Task directions
Starting at the first line of the entries below, please return exactly each line up to and including the one with "Buy this eye-catching"; pictures stay out.

+===+

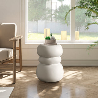 Modern Outdoor Side Table, Sculptural Patio Accent Table, White Concrete Look
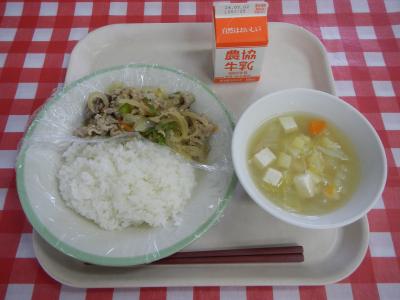 2024/2/26 白ご飯、牛乳、豚肉の生姜焼き、みそ汁
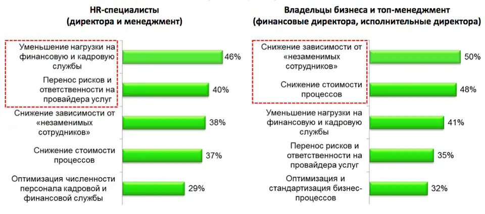 Основные выгоды от аутсорсинга расчёта зарплаты[10][11][12][13][14][15]:
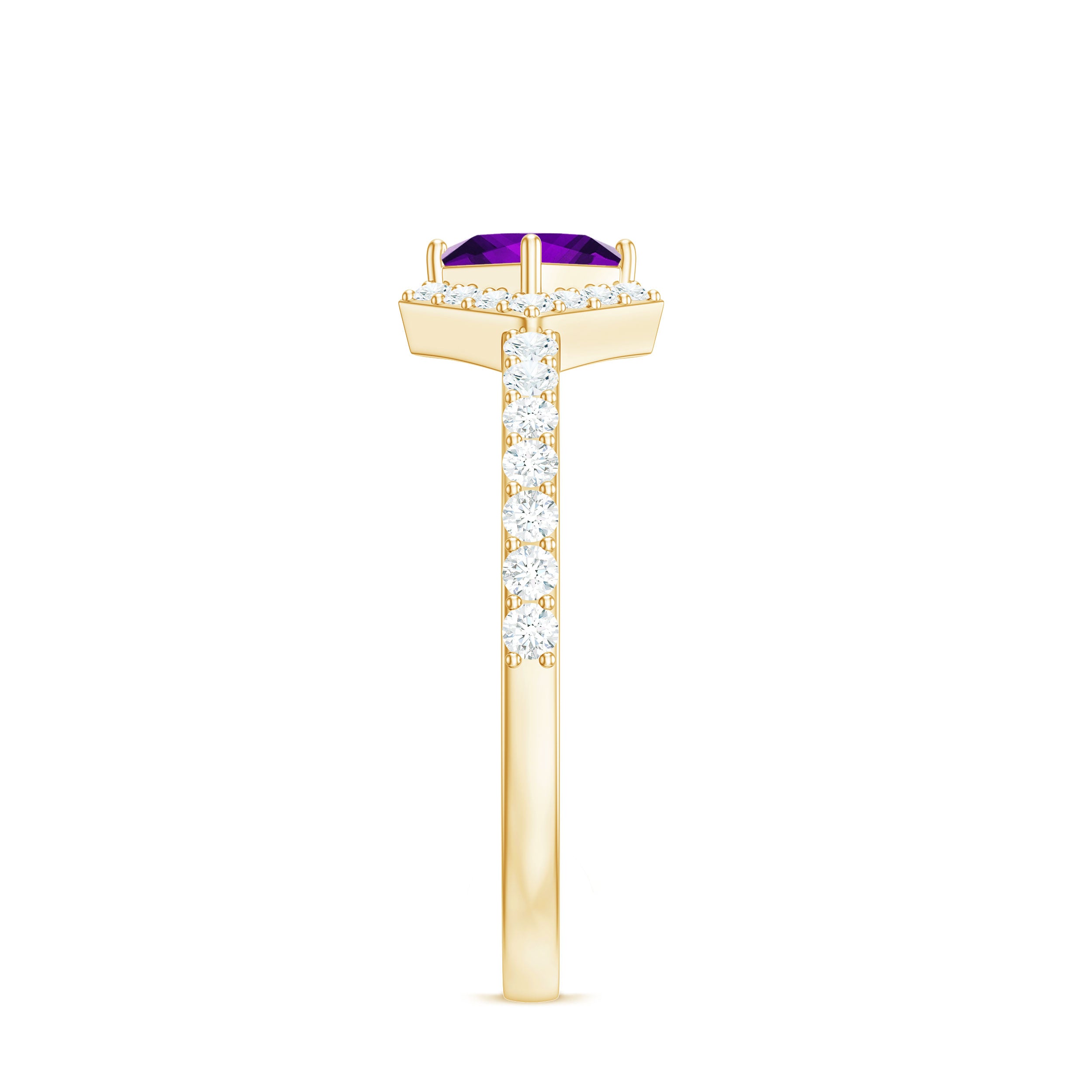 Buy this eye-catching Half Halo Promise Ring for your lady love. An embroidered diagonal set of princess cut Amethysts are set in the center, with round Diamond stones in a half halo and on the shank. Suitable for February-born women, this gold Metal Amethyst Promise Ring is made of gold metal.
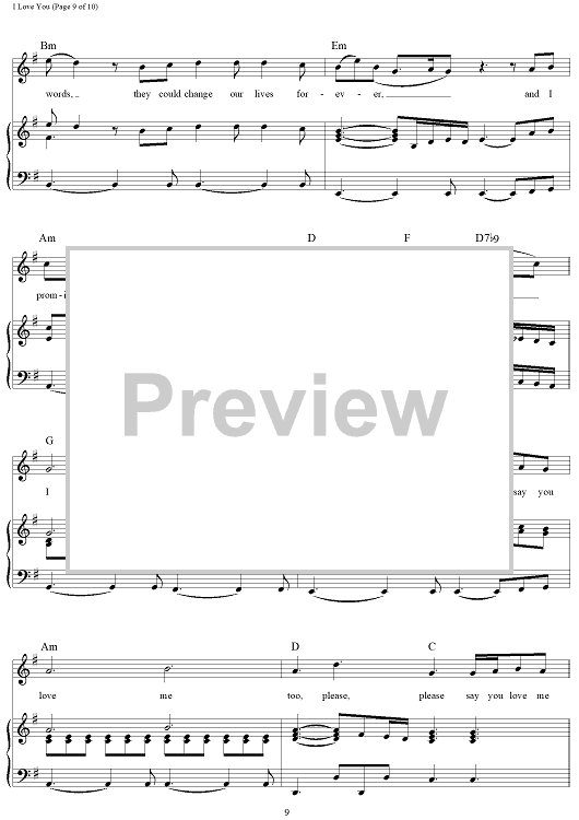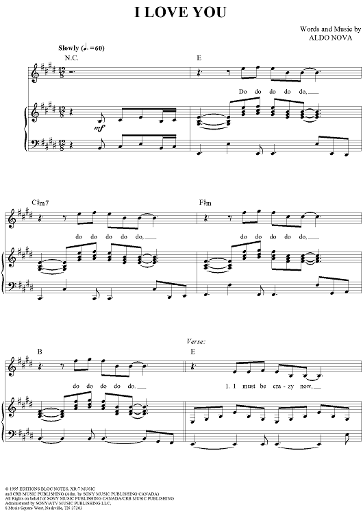 Digital Sheet Music for I Love You by Celine Dion, Aldo Nova scored for Piano/Vocal/Chords; id:112023

+===+

Answer box
 Modern Outdoor Side Table, Sculptural Patio Accent Table, White Concrete Look
 2024/2/26 白ご飯、牛乳、豚肉の生姜焼き、みそ汁
 Основные выгоды от аутсорсинга расчёта зарплаты[10][11][12][13][14][15]:
 Buy this eye-catching Half Halo Promise Ring for your lady love. An embroidered diagonal set of princess cut Amethysts are set in the center, with round Diamond stones in a half halo and on the shank. Suitable for February-born women, this gold Metal Amethyst Promise Ring is made of gold metal.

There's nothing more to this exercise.